━━ Information supplied
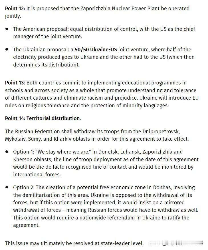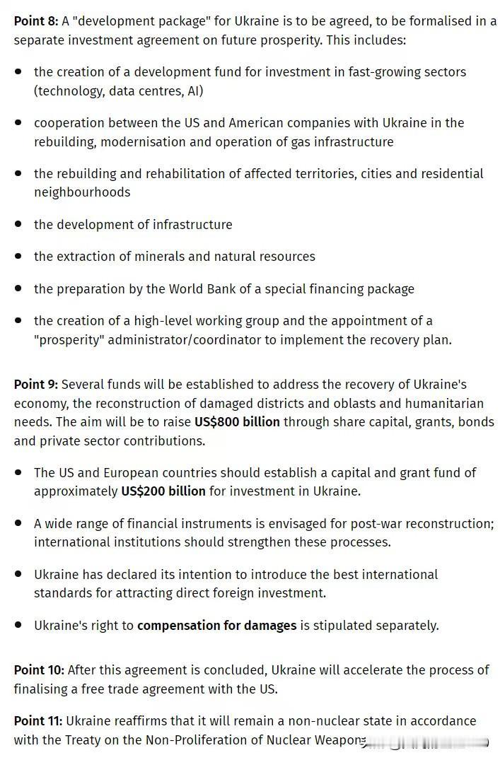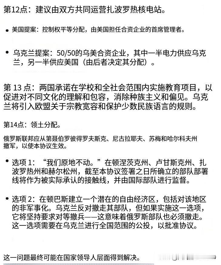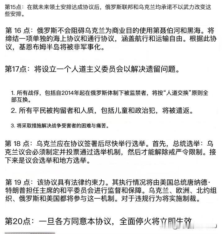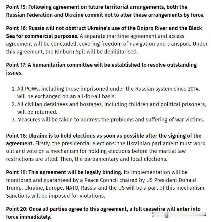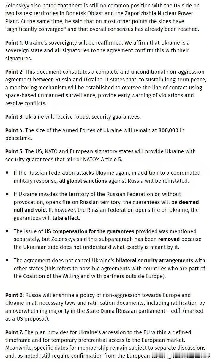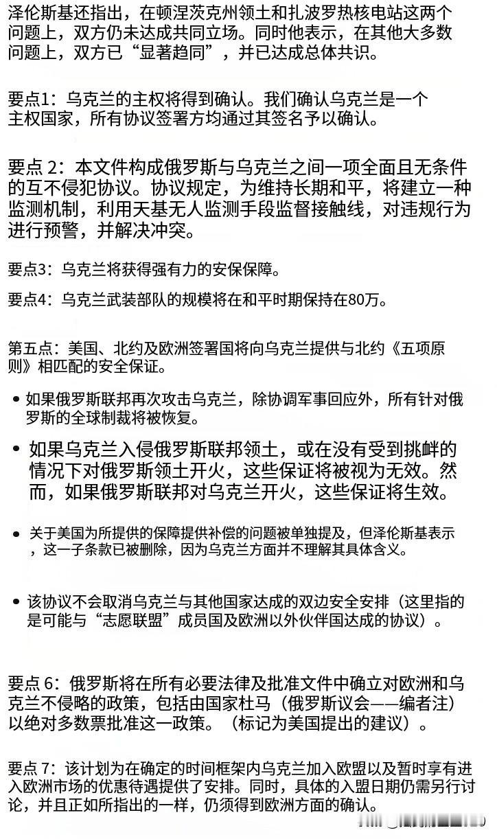 泽连斯基提出的所谓与美国,欧洲制定的20点“和平计划”完全是一份“一厢情愿”的和平计划,根本没有考虑到俄罗斯一直以来的诉求。即便表面看着做出了相当大的努力,但在根本问题上并没有得到解决。 泽连斯基在发布“这份20点和平计划”的同时表示,这份计划文件是乌克兰、美国、欧洲与俄罗斯之间达成共识的框架性文件,也是双方合作的基础依据。 泽连斯基说,该草案体现了乌克兰与美国在许多领域的共同愿景。其中部分内容反映了美国方面的立场,但他也表示,仍有若干条款需要进一步商讨和达成一致。 泽连斯基还指出,在顿涅茨克州的相关领土问题以及扎波罗热核电站的问题上,双方仍然没有达成共识。不过他表示,在其他大多数问题上,双方的观点已经“显著趋同”,总体而言已经形成了共识。 另外,泽连斯基还表示,在美方与俄罗斯方面进行会谈之后,预计俄罗斯方面会于12月24日对这份草案作出回应。 泽连斯基说,“这样我们就能明确接下来的行动步骤,以及某些决策可能所需的时间框架。我们已准备好与美国举行高层会晤,以解决那些敏感问题。像领土争端这样的问题,确实需要在领导层层面进行讨论。” 除了“基础文件”之外,泽连斯基还表示,为结束这场战争所需要的其他相关材料也在同步准备中。这些材料包括一个多边安全保障框架(涉及乌克兰、美国和欧洲各方),以及美国提供的双边保障机制。 泽连斯基还表示,这套保障措施包括一份军事附件,其中详细列出了在俄罗斯再次发动侵略时应采取的安全机制及应对措施。泽连斯基指出,这份文件旨在在合作伙伴的支持下,帮助乌克兰建设成为一个强大的国家;同时,其中也包含了监测各方是否遵守和平协议的机制,以及在对违规行为采取行动时应遵循的明确规定。 他还指出,乌克兰与美国已经共同制定了一份关于恢复经济与发展前景的文件,也就是所谓的“乌克兰繁荣发展路线图”。 不过,按照泽连斯基发布的这份“和平计划”来评估,与其说这是一份所谓的“和平计划”,不如说,这是一份单方面的“自娱自乐”的计划,俄罗斯方面根本不会同意。即便是“和平计划的框架”,很多条款也不符合俄罗斯的利益,更不符合俄罗斯长期以来的根本诉求。
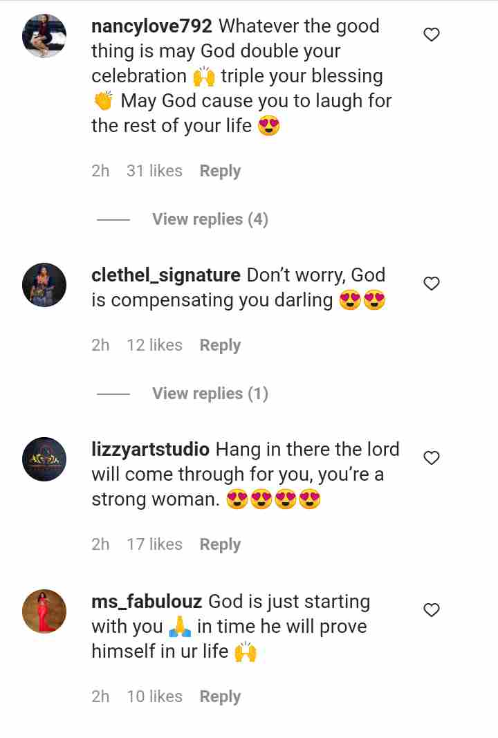 Reacting to the post, fans prayed for all she’s expecting to come to pass.
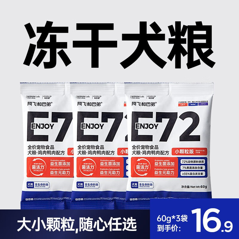 阿飞和巴弟【老爸抽检】E72全价冻干狗粮无谷大中小型犬成犬幼犬通用狗粮 【小型犬】小颗粒试吃装180g
━━━━
- What you will do: From the first line of the material to the last, retype everything exactly except the images.

- Exercise response:
 泽连斯基提出的所谓与美国,欧洲制定的20点“和平计划”完全是一份“一厢情愿”的和平计划,根本没有考虑到俄罗斯一直以来的诉求。即便表面看着做出了相当大的努力,但在根本问题上并没有得到解决。 泽连斯基在发布“这份20点和平计划”的同时表示,这份计划文件是乌克兰、美国、欧洲与俄罗斯之间达成共识的框架性文件,也是双方合作的基础依据。 泽连斯基说,该草案体现了乌克兰与美国在许多领域的共同愿景。其中部分内容反映了美国方面的立场,但他也表示,仍有若干条款需要进一步商讨和达成一致。 泽连斯基还指出,在顿涅茨克州的相关领土问题以及扎波罗热核电站的问题上,双方仍然没有达成共识。不过他表示,在其他大多数问题上,双方的观点已经“显著趋同”,总体而言已经形成了共识。 另外,泽连斯基还表示,在美方与俄罗斯方面进行会谈之后,预计俄罗斯方面会于12月24日对这份草案作出回应。 泽连斯基说,“这样我们就能明确接下来的行动步骤,以及某些决策可能所需的时间框架。我们已准备好与美国举行高层会晤,以解决那些敏感问题。像领土争端这样的问题,确实需要在领导层层面进行讨论。” 除了“基础文件”之外,泽连斯基还表示,为结束这场战争所需要的其他相关材料也在同步准备中。这些材料包括一个多边安全保障框架(涉及乌克兰、美国和欧洲各方),以及美国提供的双边保障机制。 泽连斯基还表示,这套保障措施包括一份军事附件,其中详细列出了在俄罗斯再次发动侵略时应采取的安全机制及应对措施。泽连斯基指出,这份文件旨在在合作伙伴的支持下,帮助乌克兰建设成为一个强大的国家;同时,其中也包含了监测各方是否遵守和平协议的机制,以及在对违规行为采取行动时应遵循的明确规定。 他还指出,乌克兰与美国已经共同制定了一份关于恢复经济与发展前景的文件,也就是所谓的“乌克兰繁荣发展路线图”。 不过,按照泽连斯基发布的这份“和平计划”来评估,与其说这是一份所谓的“和平计划”,不如说,这是一份单方面的“自娱自乐”的计划,俄罗斯方面根本不会同意。即便是“和平计划的框架”,很多条款也不符合俄罗斯的利益,更不符合俄罗斯长期以来的根本诉求。
 Reacting to the post, fans prayed for all she’s expecting to come to pass.
 阿飞和巴弟【老爸抽检】E72全价冻干狗粮无谷大中小型犬成犬幼犬通用狗粮 【小型犬】小颗粒试吃装180g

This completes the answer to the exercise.